Читаем Воспитание под Верденом полностью

Мертенс встает, теперь он чувствует себя лучше, ясность составляет одну из основ его жизни. Он зажигает потушенные лампы, свечи на рояле, ночник. Выпивает рюмку-другую французского ликера, который хранит для гостей; ликер приятен на вкус. Затем собирает в одно место вещи, которыми запасся раньше; вынимает из открытого ящика письменного стола матово-черный казенный револьвер новейшей системы; на блестящей доске стола раскладывает трубочки с ядовитыми снотворными средствами, которые ом постепенно собрал. В Германии их можно получить только по рецепту врача, во Франции гражданину предоставляют больше свободы в выборе способа самоубийства. Как прусский офицер, он обязан выбрать револьвер: если уж умирать, то сообразно чину и званию. Но как человеку и интеллигенту, не расположенному к грубому насилию и разрушению, ему гораздо более по душе яд. Сын знаменитого отца, он в течение всей жизни слишком многим поступался, молчаливо пребывая в тени отцовской славы. Надо ли и сейчас, в последний раз, считаться с традициями и поступить так, как этого требует его происхождение? Или в этом последнем из всех человеческих действий он может следовать собственному убеждению и вкусам? Поставить вопрос — значит ответить на него. Если бы он меньше считался с окружающими, был бы менее послушным сыном, менее чувствительным ко всяким влияниям среды, если бы он храбро вступил в борьбу с ней, как иные друзья его юности, — кто знает, как протекала бы его жизнь, завершилась ли бы она теперь, здесь, таким безмолвным концом?

Велика была Диана эфесская, велика и праматерь Кибелла; но велика также услада музыки, эта таинственная изначальная сила бытия, выраженная в замечательных числовых соотношениях между путями планет, мировая гармония тех простых мер и пропорций, которыми только и можно измерить непознаваемое.

Если поближе ознакомиться с высказываниями физиков, то все сводится к колебательным движениям неведомого эфира, к его основным силовым полям, которые в свою очередь превращают массы и тела в вибрирующую нематериальную, следовательно духовную субстанцию. Почему же в таком случае не в нечто, очень родственное музыке? Почему не в самую музыку? Разве в основе этого удивительного сочетания звучащих воздушных волн, вибрирующих стальных струн, дополняющих друг друга пропорций не лежит нечто, уже не имеющее ничего общего со звуком и воздухом? Разве, ощутив сущность музыки и растворяясь в ней, не приближаешься тем самым к тайнам высшей математики? Физике предстоит большое будущее. Он это чувствует, хотя не все понимает в ней. И, может быть, с помощью уха, еще целиком погруженного в органическую материю, возможно иногда почуять, что пределы мира развернулись до звезд, иных звезд, лучших миров, о которых поэт, указывая на ночное небо, сказал: «Они — как диски золотой чеканки, и песней ангелов звучит любой из них».

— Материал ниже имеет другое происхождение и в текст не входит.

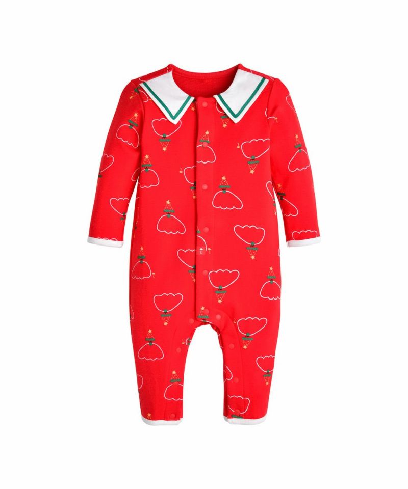 コットンモーダル素材を使いストレッチ性を考慮した楽で使いやすいアイテム。サンタさんの顔プリントと白い襟のグリーンのラインがポイントの帽子セットのカバーオールセットで、プレゼント用にもおすすめ。クリスマス(Christmas)にもぴったりです♪

Как бы то ни было, он уже знает, как удалится в небытие. Он удалится на крыльях музыки. Он поставит на рояль усыпляющий напиток и будет пить его, как бы по рассеянности, когда ему захочется. Наслаждением перед самой смертью, проникновением в мир непознанных созвучий и гармоний — вот чем будет его уход из жизни. И пусть вратами к этому прозвучат те звуки, которые он любит больше всех, потому что они мрачны, противоречивы и вместе с тем новы и прекрасны: ля-минорный квартет Брамса.

Рояль, поставленный у него в квартире, — парижский старый инструмент; порой чуть-чуть стеклянные тона, но в общем звук мягкий, благородный. Мертенс разводит питье горячей водой, взятой из термоса, долго помешивает. Он вспоминает о своих племянниках, которым оставляет почти все свое земное достояние; об убогой библиотеке маленького университета, где он провел несколько счастливых месяцев у подножия мало исхоженных гор; благодаря ценному дару — мертенсовским книгам — библиотека вдруг станет важным центром; там будут изучать историю права и развитие юридических теорий. Еще разные мысли мелькают у него в голове. Вот будь у него опыт и ловкость, он мог бы очень хорошо приспособить печурку для выделения углекислоты, что совсем избавило бы его от необходимости активных действий. Ладно, усмехается он, в другой раз! Затем он открывает нотную тетрадь — квартеты Брамса, аранжированные для рояля, — и начинает играть. Звуки мягко льются сквозь окна тихого дома, иной прохожий подымает на мгновение голову, кто-то даже останавливается, но погода, холодная, сырая и неприветливая, гонит их дальше.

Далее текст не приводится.